As described above, the present invention has the advantage that by adding a capacitor to one side of the bistable flip-flop circuit of a static memory cell, an initial value at power-on can be specified.

[Brief explanation of drawings]

FIG. 1 is a circuit diagram showing a static memory cell according to an embodiment of the present invention.

FIG. 2 is a circuit diagram showing a conventional static memory cell.

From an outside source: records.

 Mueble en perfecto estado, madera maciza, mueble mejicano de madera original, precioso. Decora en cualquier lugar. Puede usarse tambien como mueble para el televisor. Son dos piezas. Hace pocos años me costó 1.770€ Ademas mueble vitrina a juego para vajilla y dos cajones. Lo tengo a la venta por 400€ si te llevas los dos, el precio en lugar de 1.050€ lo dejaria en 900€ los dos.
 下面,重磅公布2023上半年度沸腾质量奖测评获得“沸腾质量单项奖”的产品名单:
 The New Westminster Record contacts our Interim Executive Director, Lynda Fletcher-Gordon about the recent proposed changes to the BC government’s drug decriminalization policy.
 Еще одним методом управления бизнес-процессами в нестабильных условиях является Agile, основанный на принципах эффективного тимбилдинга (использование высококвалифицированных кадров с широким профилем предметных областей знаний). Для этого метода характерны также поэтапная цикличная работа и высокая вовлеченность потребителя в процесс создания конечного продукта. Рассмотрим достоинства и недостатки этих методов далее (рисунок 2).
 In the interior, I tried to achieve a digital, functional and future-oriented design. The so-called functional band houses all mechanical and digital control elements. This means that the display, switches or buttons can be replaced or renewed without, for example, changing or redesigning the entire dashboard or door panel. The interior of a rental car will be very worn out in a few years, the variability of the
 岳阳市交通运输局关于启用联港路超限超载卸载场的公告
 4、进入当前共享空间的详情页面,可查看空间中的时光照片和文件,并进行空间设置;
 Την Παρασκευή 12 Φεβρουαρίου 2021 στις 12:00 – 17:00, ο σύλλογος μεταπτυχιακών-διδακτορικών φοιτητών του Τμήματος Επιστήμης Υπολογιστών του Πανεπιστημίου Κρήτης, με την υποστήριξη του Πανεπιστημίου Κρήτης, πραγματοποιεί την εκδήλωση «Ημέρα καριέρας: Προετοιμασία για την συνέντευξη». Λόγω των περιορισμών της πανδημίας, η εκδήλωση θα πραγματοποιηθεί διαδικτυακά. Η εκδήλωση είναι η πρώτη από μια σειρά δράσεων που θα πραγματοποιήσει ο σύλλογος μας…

FIG. 3 is a circuit diagram showing an example of how the memory cell of FIG. 1 is used.

[Explanation of symbols]

100 First inverter 101 First selection circuit 102 First input/output section 103 First contact 110 Second inverter 111 Second selection circuit 112 Second input/output section 113 Second contact 120 Memory cell selection signal 130 Capacitive element 133 Capacitive contact

Claims (1)

[Claims] 1. A static flip-flop comprising a bistable flip-flop, the output of a first inverter being connected to the input of a second inverter, and the output of the second inverter being connected to the input of the first inverter. In the memory cell, a capacitor is provided, a third contact is provided at one end of the capacitor, and the third contact is connected to the output of the first inverter.
A static memory cell characterized in that a first contact is provided corresponding to the contact, and a second contact is provided at the output of the second inverter corresponding to the third contact.